Judge Asked to Help Salmon
PORTLAND, Oregon, - Fishing businesses and conservation groups in the Pacific Northwest are asking a federal judge to restore more water to six rivers, and put salmon back on track to recovery by managing the rivers in a more natural way. Today, much of the river water is used for irrigation and power generation.
The groups say their plan, put forward Monday in a motion to the court, could increase young salmon survival up to 30 percent and could generate millions of dollars of income for Northwest communities as salmon recover.
The motion was filed by conservation groups and sport and commercial fishing groups in U.S. District Court in Portland before Judge James Redden, who earlier this year ruled that the Bush administration plan for assuring threatened and endangered salmon are not harmed by the federal hydroelectric dam system violated the Endangered Species Act.
The motion calls for the U.S. Army Corps of Engineers to spill more water over three Columbia River dams in the spring of 2006 - the Bonneville, John Day and McNary dams.
Next summer, the motion asks that more water be spilled over the Lower Monumental, Little Goose and Lower Granite dams on the Snake River, and the Bonneville, John Day and McNary dams on the Columbia.
"The 2005 season ended in disaster," said Bob Rees, president of the NW Guides and Anglers Association and a full time professional fishing guide. "With poor projections for the 2006 season on the heels of a disastrous 2005 season, it will be next to impossible to entice anglers into pursuing the magnificent salmon on the Columbia."
The groups are also asking Judge Redden to order that water be held behind dams in the upper basin during the winter at the upper level of U.S. Army Corps of Engineers flood control guidelines so it can be released to speed up river flows in the spring and summer, when juvenile fish are swimming to the ocean. The judge will hand down his decision after hearings on the issue, which are scheduled for mid-December.
The groups' motion is very similar to what was requested last year during the summer migration that resulted in a survival increase of 64 percent for young salmon migrating in-river on their way to the ocean, according to an independent scientific study.
Spill is considered the safest way to move young migrating salmon past dams.
"We need real relief for salmon now," said Joel Kawahara, commercial fisherman and member of the Washington Trollers Association. "That means more water being spilled over the dams and more water in the river so it can act more like a natural river. We need a plan that brings us sustainable, harvestable levels of salmon and that cannot wait during a year of the federal agencies bickering."

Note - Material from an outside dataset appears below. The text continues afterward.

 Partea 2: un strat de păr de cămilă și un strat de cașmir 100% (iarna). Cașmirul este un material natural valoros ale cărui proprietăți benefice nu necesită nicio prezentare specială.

"By increasing the number of baby salmon that survive the hydrosystem in 2006, we will be increasing the number of adults that return in 2008 and 2009," said Bruce Buckmaster, board member Salmon for All.

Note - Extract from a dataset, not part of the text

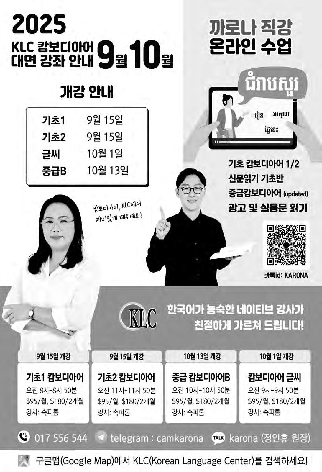 문의안내: 017 323 700(한국어), 096 344 2629(English, Khmer)
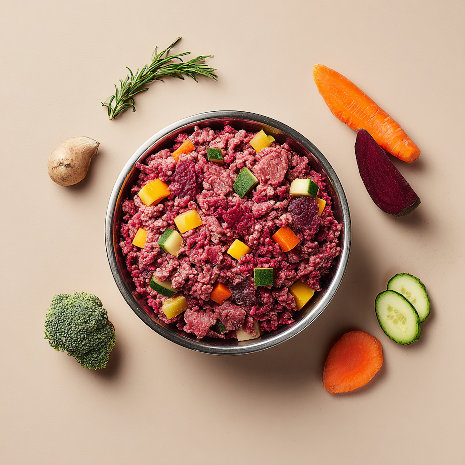 A bowl of raw dog food with minced meat and diced vegetables, surrounded by fresh ingredients like carrots, zucchini, and rosemary.

"More adult fish returning means more money to the Pacific Northwest and a healthier economic future for all of us."
In early October, the court gave the federal government one year to rewrite the Federal Salmon Plan, which was ruled illegal in May of this year.
The court said that the federal agencies, working with the states and tribes, must consider all options to achieve the necessary recovery of salmon and steelhead in the Columbia and Snake rivers. While the federal agencies states and tribes begin crafting a viable plan for salmon recovery it is of the utmost necessity to take steps to halt the further decline of these fish, and take steps to put salmon and steelhead on the path to recovery.

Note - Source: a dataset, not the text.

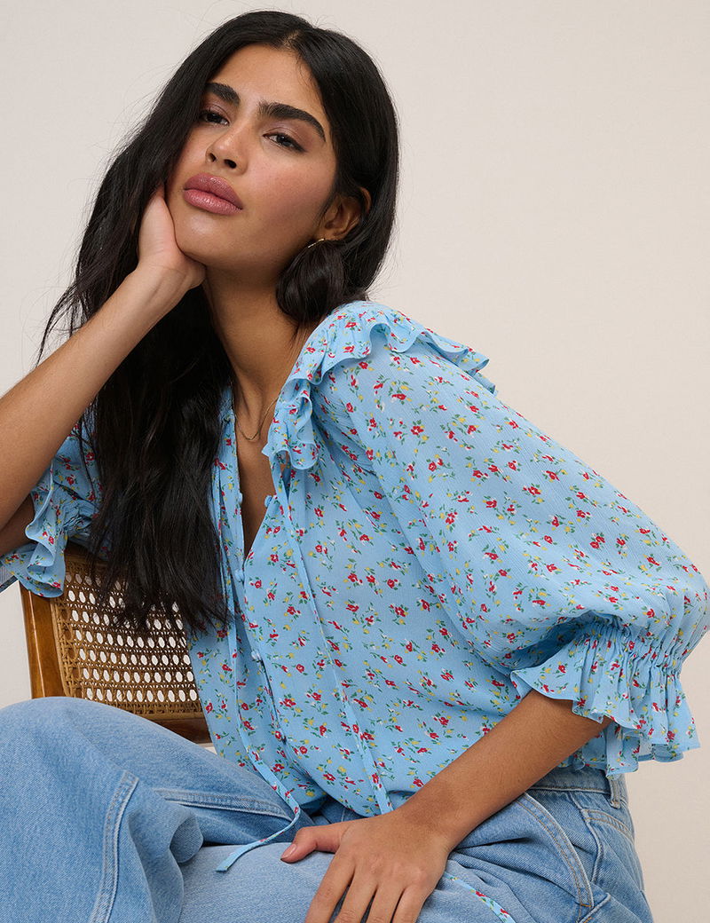 Blue Floral Frill Blouse

"Relatively good returns of adult salmon in 2001 provided a glimpse of the enormous benefits these salmon bring when they return to the Columbia and Snake rivers," said Trey Carskadon, president, Northwest Sportfishing Industry Association. "Good salmon runs mean that more boats are built and more people have work and paychecks, builders put people to work as these numbers swell. Real economic benefits are generated through tourist dollars that spill into restaurants, convenience stores, motels and thousands upon thousands of retail operations."
"Sportfishing isn't just a hobby," said Carskadon. "It's an industry that generates billions of dollars of benefit to this region each year."
Without summer spill on the Snake River in 2005, the groups say that about 90 percent of Snake River fall chinook would have been removed from the river and siphoned through a series of tubes into trucks and barges, only to be driven hundreds of miles downstream - a costly federal practice that has not stopped the decline of salmon populations.